Your task.
When you repeat the listing below, keep every word exactly and leave out each picture.

Information shown.
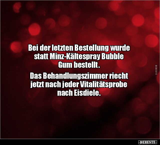 Bei der letzten Bestellung wurde statt Minz-Kältespray Bubble Gum bestellt. Das Behandlungszimmer riecht jetzt nach jeder Vitalitätsprobe nach Eisdiele.
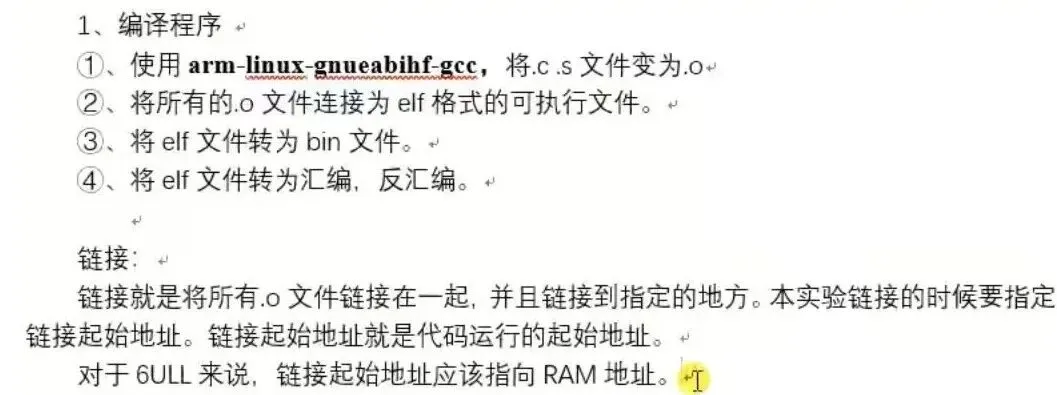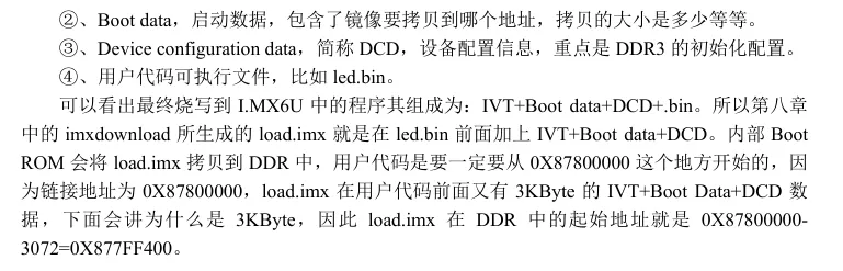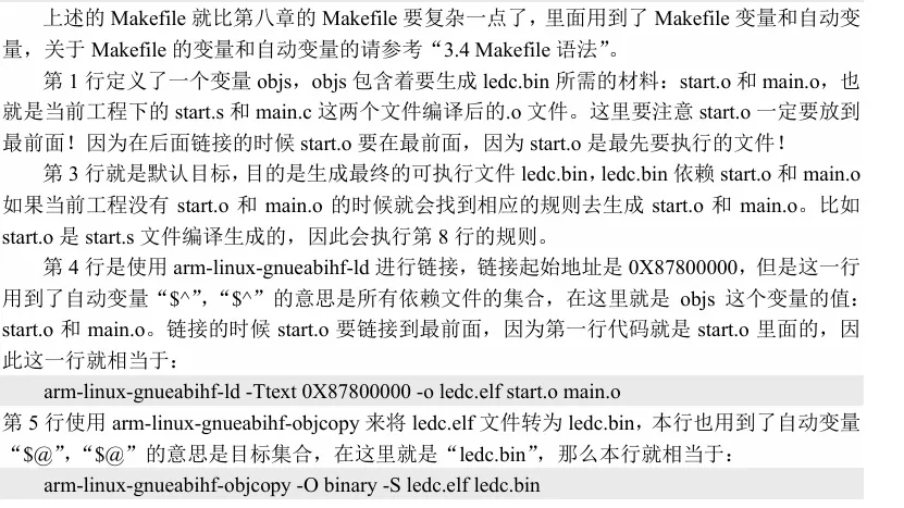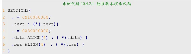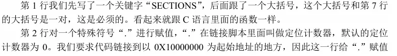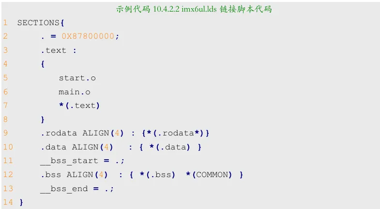 第 2 行设置定位计数器为 0X87800000,因为我们的链接地址就是0X87800000。第 5行设置链接到开始位置的文件为start.o, 因为start.o 里面包含着第一个要执行的指令,所以一定要链接到最开始的地方。第6行是main.o 这个文件,其实可以不用写出来,因为main.o的位置就无所谓了,可以由编译器自行决定链接 位置。在第11、13行有“__bss_start”和“__bss_end”这两个东西?这个是什么呢?“__bss_start” 和“__bss_end”是符号,第11、13这两行其实就是对这两个符号进行赋值,其值为定位符“.”, 这两个符号用来保存.bss 段的起始地址和结束地址。前面说了.bss 段是定义了但是没有被初始化的变量,我们需要手动对.bss段的变量清零的,因此我们需要知道.bss段的起始和结束地址, 这样我们直接对这段内存赋0即可完成清零。通过第11、13行代码,.bss段的起始地址和结束 地址就保存在了“__bss_start”和“__bss_end”中,我们就可以直接在汇编或者 C 文件里面使 用这两个符号。
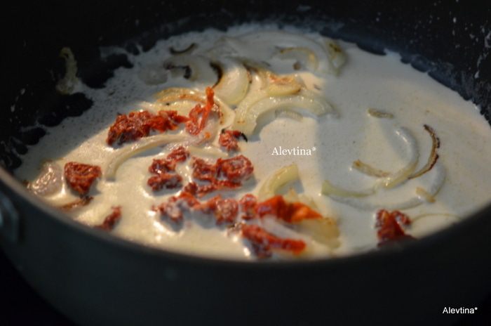 Обжарить лук на оливковом масле 2-3 мин, затем добавить порубленный мелко чеснок и готовить 1 мин. Затем добавить не густые сливки 250 мл, вяленые томаты порезанные.
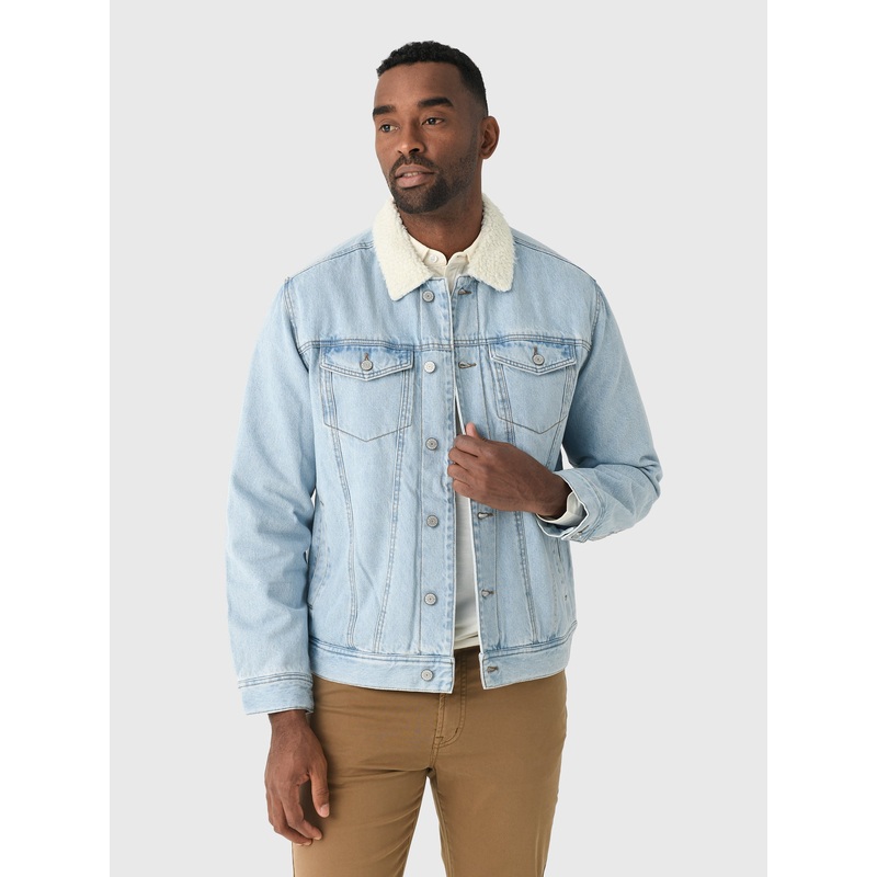 A vintage-inspired jacket for cooler transitional weather. It features a rugged denim canvas exterior and a cozy faux sherpa lining. With a classic fit, chest patch pockets, and a button-down front, it’s the perfect layering piece.

Answer space.
 Bei der letzten Bestellung wurde statt Minz-Kältespray Bubble Gum bestellt. Das Behandlungszimmer riecht jetzt nach jeder Vitalitätsprobe nach Eisdiele.
 第 2 行设置定位计数器为 0X87800000,因为我们的链接地址就是0X87800000。第 5行设置链接到开始位置的文件为start.o, 因为start.o 里面包含着第一个要执行的指令,所以一定要链接到最开始的地方。第6行是main.o 这个文件,其实可以不用写出来,因为main.o的位置就无所谓了,可以由编译器自行决定链接 位置。在第11、13行有“__bss_start”和“__bss_end”这两个东西?这个是什么呢?“__bss_start” 和“__bss_end”是符号,第11、13这两行其实就是对这两个符号进行赋值,其值为定位符“.”, 这两个符号用来保存.bss 段的起始地址和结束地址。前面说了.bss 段是定义了但是没有被初始化的变量,我们需要手动对.bss段的变量清零的,因此我们需要知道.bss段的起始和结束地址, 这样我们直接对这段内存赋0即可完成清零。通过第11、13行代码,.bss段的起始地址和结束 地址就保存在了“__bss_start”和“__bss_end”中,我们就可以直接在汇编或者 C 文件里面使 用这两个符号。
 Обжарить лук на оливковом масле 2-3 мин, затем добавить порубленный мелко чеснок и готовить 1 мин. Затем добавить не густые сливки 250 мл, вяленые томаты порезанные.
 A vintage-inspired jacket for cooler transitional weather. It features a rugged denim canvas exterior and a cozy faux sherpa lining. With a classic fit, chest patch pockets, and a button-down front, it’s the perfect layering piece.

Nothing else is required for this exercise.